**PROBLEM DESCRIPTION**: Reproduce verbatim the line containing "nárazník, spodní, pro" and every line that follows it through the end of the entries below, omitting all pictures.

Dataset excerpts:
--- START ---
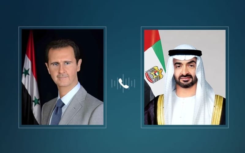 أجرى الشيخ محمد بن زايد آل نهيان رئيس الدولة الأمارات العربية المتحدة اليوم اتصالا هاتفيا مع الرئيس السوري بشار الأسد رئيس
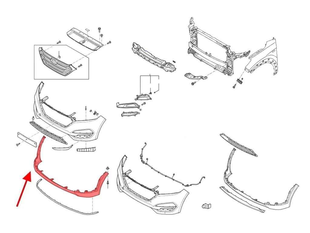 | Přední nárazník, spodní, pro HYUNDAI TUCSON III (TL) 2015-2018 (verze před faceliftem). Nabízíme také:
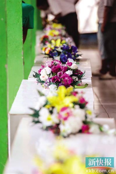 當(dāng)電視播放當(dāng)天軍人抬著2具遺體棺材的畫面時(shí),餐廳里瞬間安靜下來,沒有了刀叉的碰撞聲,人們齊齊把眼光聚集在電視上,那令人心痛悲傷的畫面:蓋著鮮花的棺材,被早在泗水守候的兩隊(duì)軍人莊嚴(yán)而沉重地慢慢抬下飛機(jī),然后輕輕地放在軍車上,在警車的開路下,徐徐地向泗水醫(yī)院駛?cè)ァ?/p>
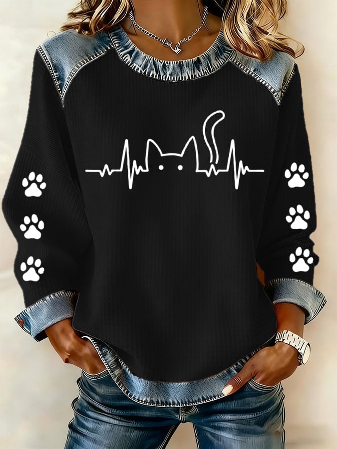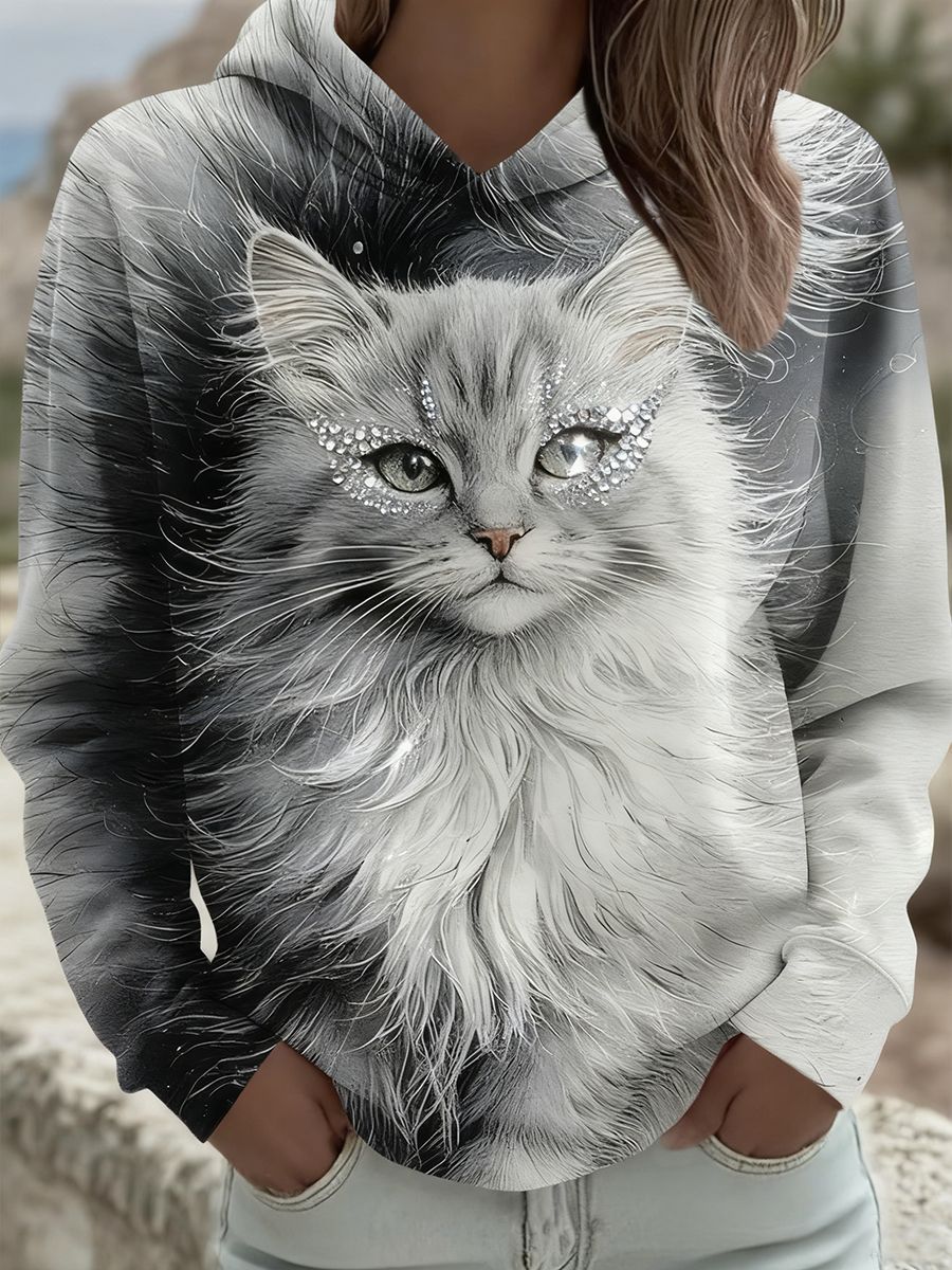 Funny Cats Pattern Art Print Casual Cotton Sweatshirt
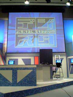 写真でスクリーン下に黒い台があるんやけど、そこに立ってアニメ漫才させてもらいました。
--- END ---
**RESULT**:
 | Přední nárazník, spodní, pro HYUNDAI TUCSON III (TL) 2015-2018 (verze před faceliftem). Nabízíme také:
 當(dāng)電視播放當(dāng)天軍人抬著2具遺體棺材的畫面時(shí),餐廳里瞬間安靜下來,沒有了刀叉的碰撞聲,人們齊齊把眼光聚集在電視上,那令人心痛悲傷的畫面:蓋著鮮花的棺材,被早在泗水守候的兩隊(duì)軍人莊嚴(yán)而沉重地慢慢抬下飛機(jī),然后輕輕地放在軍車上,在警車的開路下,徐徐地向泗水醫(yī)院駛?cè)ァ?/p>
 Funny Cats Pattern Art Print Casual Cotton Sweatshirt
 写真でスクリーン下に黒い台があるんやけど、そこに立ってアニメ漫才させてもらいました。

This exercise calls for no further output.